Work instructions -
Retype word for word the stretch of entries below from the line that has "영남연합포커스 김종설 기자" through the line that has "Чтобы открыть хранилище, нажмите", and omit the pictures.

Information provided -
▼

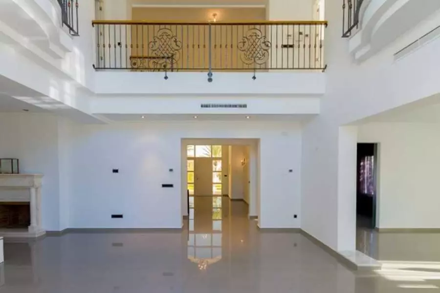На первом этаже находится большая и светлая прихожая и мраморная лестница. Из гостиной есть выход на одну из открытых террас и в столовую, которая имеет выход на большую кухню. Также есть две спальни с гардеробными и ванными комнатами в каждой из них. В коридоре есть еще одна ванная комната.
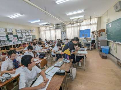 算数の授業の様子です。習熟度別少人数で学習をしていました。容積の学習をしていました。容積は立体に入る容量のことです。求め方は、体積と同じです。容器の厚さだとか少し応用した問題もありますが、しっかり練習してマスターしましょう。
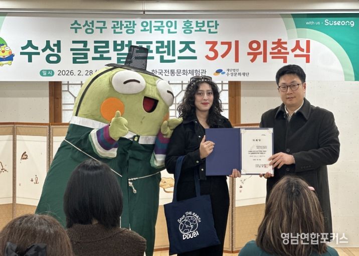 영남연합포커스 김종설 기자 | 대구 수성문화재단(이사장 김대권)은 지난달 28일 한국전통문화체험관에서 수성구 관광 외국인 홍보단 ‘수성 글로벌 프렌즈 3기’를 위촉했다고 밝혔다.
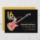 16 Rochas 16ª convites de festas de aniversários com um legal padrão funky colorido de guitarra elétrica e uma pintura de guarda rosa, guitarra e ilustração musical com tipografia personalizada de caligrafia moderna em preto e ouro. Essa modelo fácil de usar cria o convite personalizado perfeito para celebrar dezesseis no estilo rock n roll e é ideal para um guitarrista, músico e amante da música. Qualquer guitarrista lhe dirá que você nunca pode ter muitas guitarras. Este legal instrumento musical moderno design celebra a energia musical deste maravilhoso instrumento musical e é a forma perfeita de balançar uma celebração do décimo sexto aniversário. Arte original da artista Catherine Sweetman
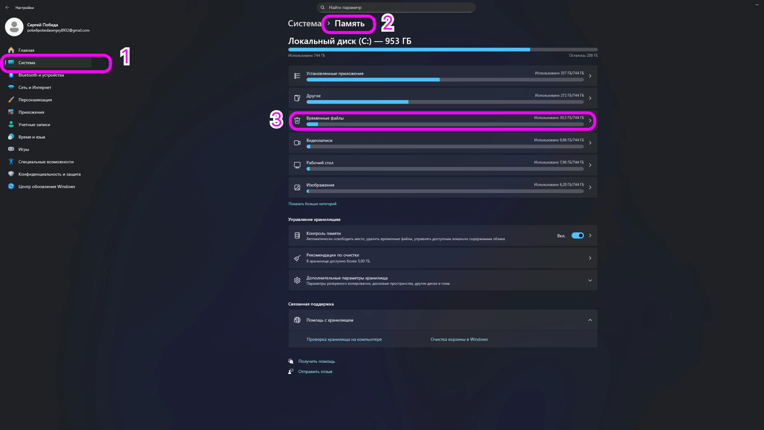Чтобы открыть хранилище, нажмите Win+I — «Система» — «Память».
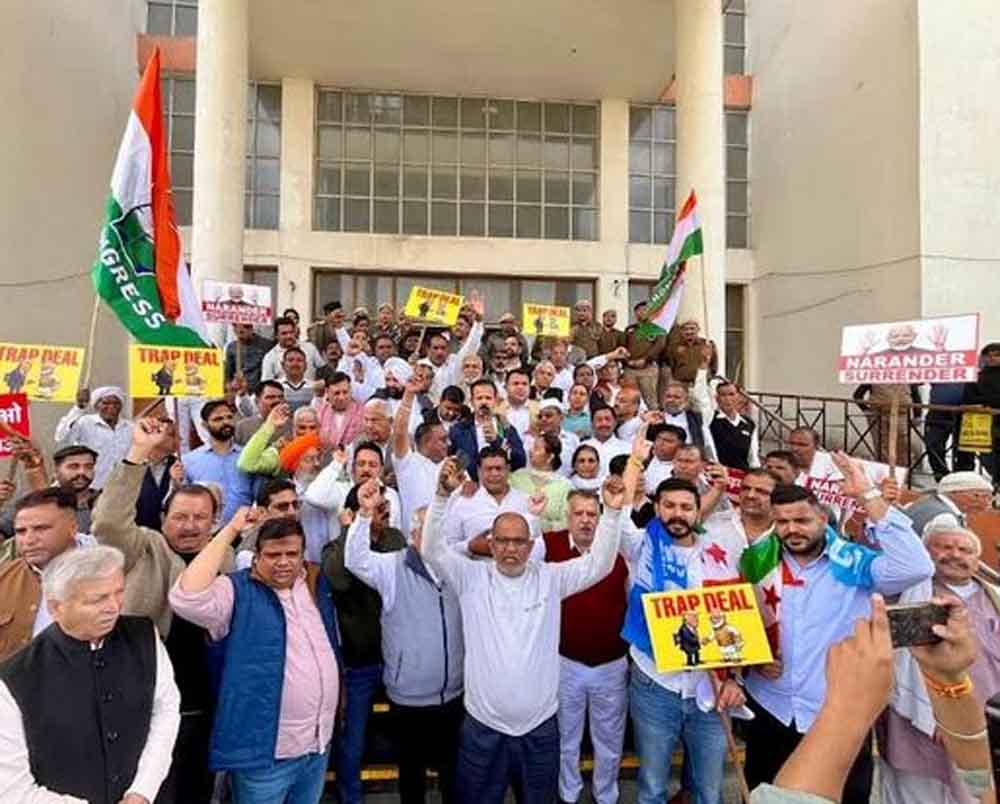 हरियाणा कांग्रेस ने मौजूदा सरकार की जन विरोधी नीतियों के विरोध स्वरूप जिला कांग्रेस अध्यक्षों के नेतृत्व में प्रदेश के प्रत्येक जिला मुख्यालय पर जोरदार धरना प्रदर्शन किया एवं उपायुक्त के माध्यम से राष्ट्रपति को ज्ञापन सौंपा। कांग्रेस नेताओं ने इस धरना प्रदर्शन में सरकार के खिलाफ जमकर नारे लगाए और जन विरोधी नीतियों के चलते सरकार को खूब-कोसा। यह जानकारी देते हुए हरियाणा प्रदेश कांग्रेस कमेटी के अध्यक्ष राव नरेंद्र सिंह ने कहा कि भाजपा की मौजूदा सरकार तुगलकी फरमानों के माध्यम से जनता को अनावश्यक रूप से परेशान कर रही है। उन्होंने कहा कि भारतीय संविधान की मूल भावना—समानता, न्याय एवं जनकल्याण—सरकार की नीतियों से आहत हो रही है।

▲
▼

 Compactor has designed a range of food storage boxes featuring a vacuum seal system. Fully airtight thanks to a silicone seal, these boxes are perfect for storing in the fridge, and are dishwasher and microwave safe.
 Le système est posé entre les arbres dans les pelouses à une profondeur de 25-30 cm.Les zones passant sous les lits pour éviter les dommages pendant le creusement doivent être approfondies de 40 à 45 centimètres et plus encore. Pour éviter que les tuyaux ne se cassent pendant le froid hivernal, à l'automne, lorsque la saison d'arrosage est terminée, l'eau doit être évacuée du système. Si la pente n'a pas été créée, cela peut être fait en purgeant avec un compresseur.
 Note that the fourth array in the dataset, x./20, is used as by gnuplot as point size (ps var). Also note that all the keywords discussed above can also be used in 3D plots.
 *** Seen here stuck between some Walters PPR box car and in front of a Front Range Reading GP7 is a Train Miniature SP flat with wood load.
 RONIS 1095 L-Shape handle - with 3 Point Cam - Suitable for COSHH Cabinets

▲
▼

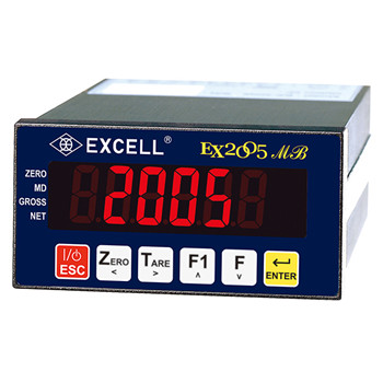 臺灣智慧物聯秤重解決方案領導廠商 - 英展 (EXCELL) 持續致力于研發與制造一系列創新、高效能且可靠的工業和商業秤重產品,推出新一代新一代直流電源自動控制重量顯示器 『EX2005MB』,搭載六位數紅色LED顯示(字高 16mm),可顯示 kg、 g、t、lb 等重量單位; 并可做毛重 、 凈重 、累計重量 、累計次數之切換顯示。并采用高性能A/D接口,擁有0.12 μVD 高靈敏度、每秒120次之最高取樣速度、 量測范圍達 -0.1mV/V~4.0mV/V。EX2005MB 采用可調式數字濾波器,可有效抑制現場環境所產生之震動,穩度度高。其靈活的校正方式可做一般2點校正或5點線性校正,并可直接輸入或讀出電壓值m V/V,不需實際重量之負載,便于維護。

▲

The answer -
 영남연합포커스 김종설 기자 | 대구 수성문화재단(이사장 김대권)은 지난달 28일 한국전통문화체험관에서 수성구 관광 외국인 홍보단 ‘수성 글로벌 프렌즈 3기’를 위촉했다고 밝혔다.
 16 Rochas 16ª convites de festas de aniversários com um legal padrão funky colorido de guitarra elétrica e uma pintura de guarda rosa, guitarra e ilustração musical com tipografia personalizada de caligrafia moderna em preto e ouro. Essa modelo fácil de usar cria o convite personalizado perfeito para celebrar dezesseis no estilo rock n roll e é ideal para um guitarrista, músico e amante da música. Qualquer guitarrista lhe dirá que você nunca pode ter muitas guitarras. Este legal instrumento musical moderno design celebra a energia musical deste maravilhoso instrumento musical e é a forma perfeita de balançar uma celebração do décimo sexto aniversário. Arte original da artista Catherine Sweetman
Чтобы открыть хранилище, нажмите Win+I — «Система» — «Память».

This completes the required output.